- [EXERCISE DETAILS]
Print the listing exactly as it stands. Skip every picture.

- [INFORMATION SUPPLIED]
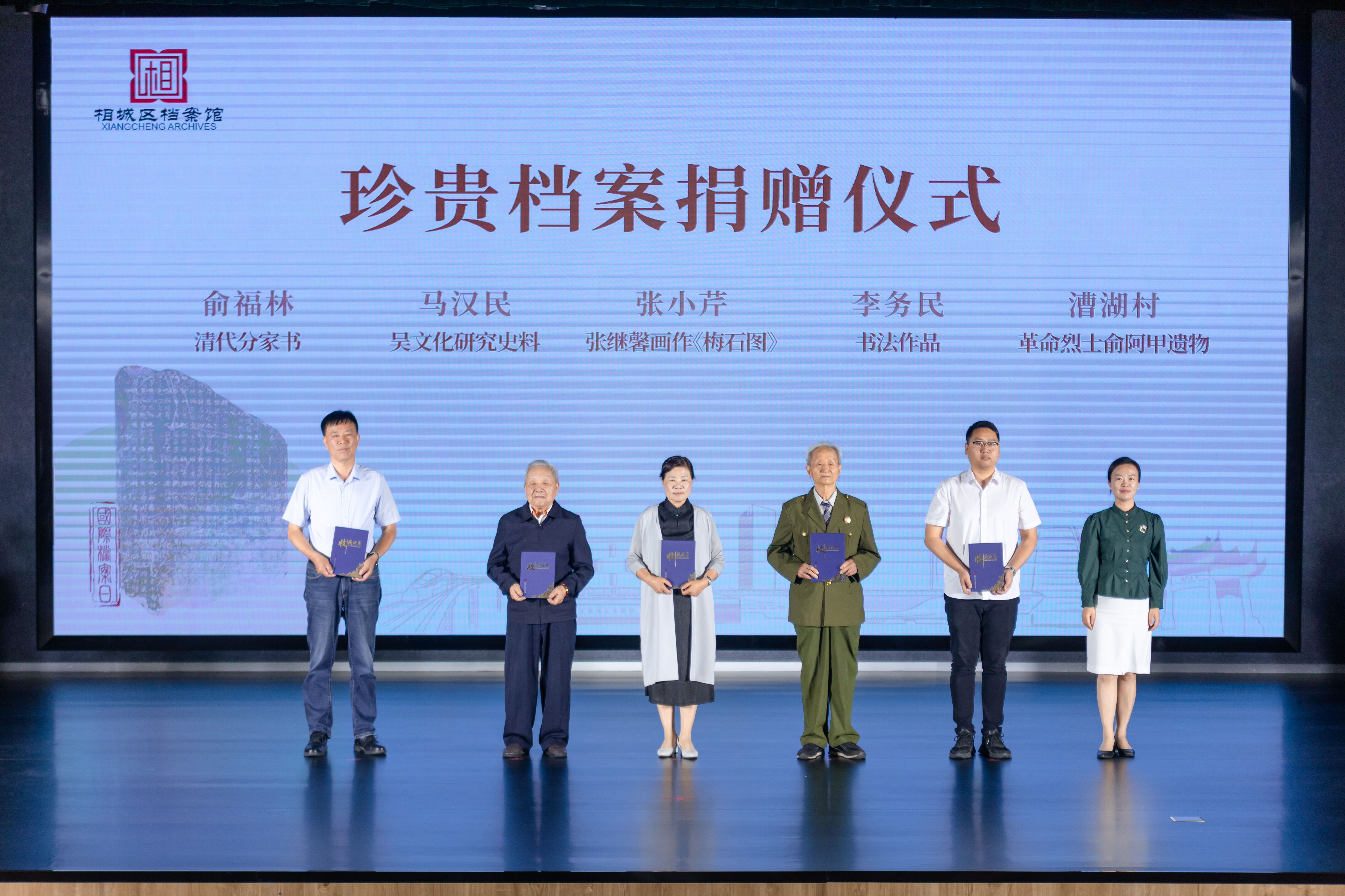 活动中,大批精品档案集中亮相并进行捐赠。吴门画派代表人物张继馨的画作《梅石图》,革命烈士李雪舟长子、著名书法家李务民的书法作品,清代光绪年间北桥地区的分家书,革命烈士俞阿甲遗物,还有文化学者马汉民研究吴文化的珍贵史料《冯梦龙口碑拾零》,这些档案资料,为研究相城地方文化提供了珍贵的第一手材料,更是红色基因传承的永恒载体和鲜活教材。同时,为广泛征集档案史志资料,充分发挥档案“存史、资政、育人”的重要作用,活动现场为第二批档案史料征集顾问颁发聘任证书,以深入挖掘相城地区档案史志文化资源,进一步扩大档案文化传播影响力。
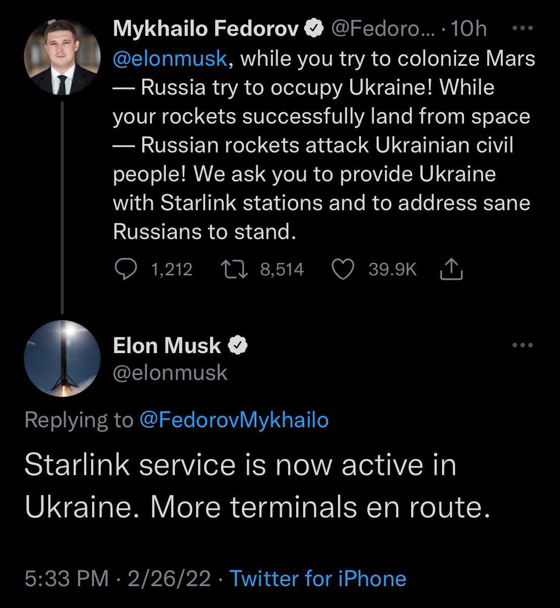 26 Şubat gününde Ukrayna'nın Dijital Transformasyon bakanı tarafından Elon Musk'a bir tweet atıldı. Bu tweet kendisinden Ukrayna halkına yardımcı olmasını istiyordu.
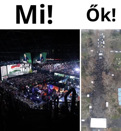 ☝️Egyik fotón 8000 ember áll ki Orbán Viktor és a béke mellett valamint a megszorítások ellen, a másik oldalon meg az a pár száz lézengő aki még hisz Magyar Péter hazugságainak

- [EXERCISE SOLUTION]
 活动中,大批精品档案集中亮相并进行捐赠。吴门画派代表人物张继馨的画作《梅石图》,革命烈士李雪舟长子、著名书法家李务民的书法作品,清代光绪年间北桥地区的分家书,革命烈士俞阿甲遗物,还有文化学者马汉民研究吴文化的珍贵史料《冯梦龙口碑拾零》,这些档案资料,为研究相城地方文化提供了珍贵的第一手材料,更是红色基因传承的永恒载体和鲜活教材。同时,为广泛征集档案史志资料,充分发挥档案“存史、资政、育人”的重要作用,活动现场为第二批档案史料征集顾问颁发聘任证书,以深入挖掘相城地区档案史志文化资源,进一步扩大档案文化传播影响力。
 26 Şubat gününde Ukrayna'nın Dijital Transformasyon bakanı tarafından Elon Musk'a bir tweet atıldı. Bu tweet kendisinden Ukrayna halkına yardımcı olmasını istiyordu.
 ☝️Egyik fotón 8000 ember áll ki Orbán Viktor és a béke mellett valamint a megszorítások ellen, a másik oldalon meg az a pár száz lézengő aki még hisz Magyar Péter hazugságainak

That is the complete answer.